Essere persona, il rapporto con Dio e con gli altri, un dono da condividere
Successivamente, il Santo Padre ha approfondito il tema della relazione e del dono. “La persona implica sempre relazione, comunione e partecipazione nei confronti di Dio e degli altri; quindi, una relazione filiale con Dio Padre e una relazione fraterna con Cristo e con tutti gli esseri umani. Esclude ogni chiusura autoreferenziale.
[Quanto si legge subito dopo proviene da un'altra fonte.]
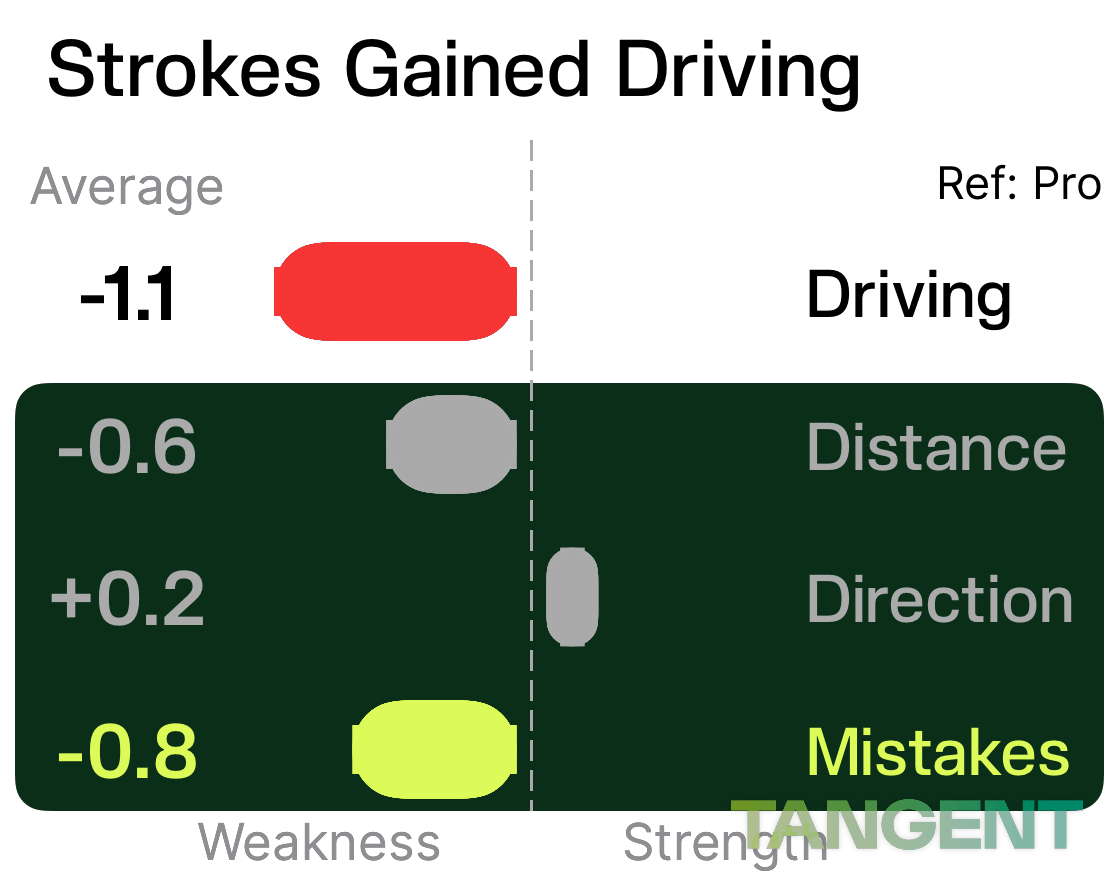 There are clear strengths to unpack — his short game performance was significantly better than his driving. He gained over 1.5 strokes around the greens according to Tangent, which was good enough for the 12th best performance in the field.

Essere persona significa percepire se stessi come un dono da condividere, crescendo e maturando nell’accoglienza, nella reciprocità e nel servizio.
Questa dignità, ha ricordato il Papa, è affidata alla responsabilità di ciascuno; e allo stesso tempo, “richiede anche solidarietà e cura reciproca, superando le numerose falsificazioni e manipolazioni che ancora oggi ne sfigurano la percezione e ne ostacolano la realizzazione”.
Tre concetti: intelligenza, coscienza e libertà
In conclusione, Leone XIV ha sottolineato le tre espressioni più significative della dignità della persona evidenziate dalla *Gaudium et spes*: l’intelligenza, che rende l’essere umano un instancabile ricercatore della verità; la coscienza, attraverso la quale conferisce unità e senso alla propria vita; e la libertà, che lo rende protagonista responsabile delle proprie decisioni.
Si tratta di dimensioni strettamente legate tra loro: è nella coscienza che la verità viene riconosciuta come tale e dove la libertà può sperimentarla come proprio fondamento e possibilità, ha affermato il Pontefice.
Infine, il Papa ha affermato che “lo Spirito Santo, che dona la vita in Cristo, ci rende liberi e ci rassicura costantemente sulla nostra dignità di figli di Dio, liberandoci dalla paura e guidandoci verso la meta ultima (…).».
Messaggio conclusivo: promuovere e difendere la dignità umana
“Siamo stati creati a immagine di Dio: impegniamoci a promuovere e difendere la dignità dei figli di Dio, con la luce e la forza del Vangelo”, ha esortato il Successore di Pietro, ricordando la festa di ieri.
Ieri abbiamo celebrato la festa liturgica della Natività della Santissima Vergine Maria; che il suo esempio e la sua materna intercessione vi ispirino e vi accompagnino nella vostra vita, ha detto il Papa prima di impartire la benedizione ai pellegrini e ai fedeli in Piazza San Pietro.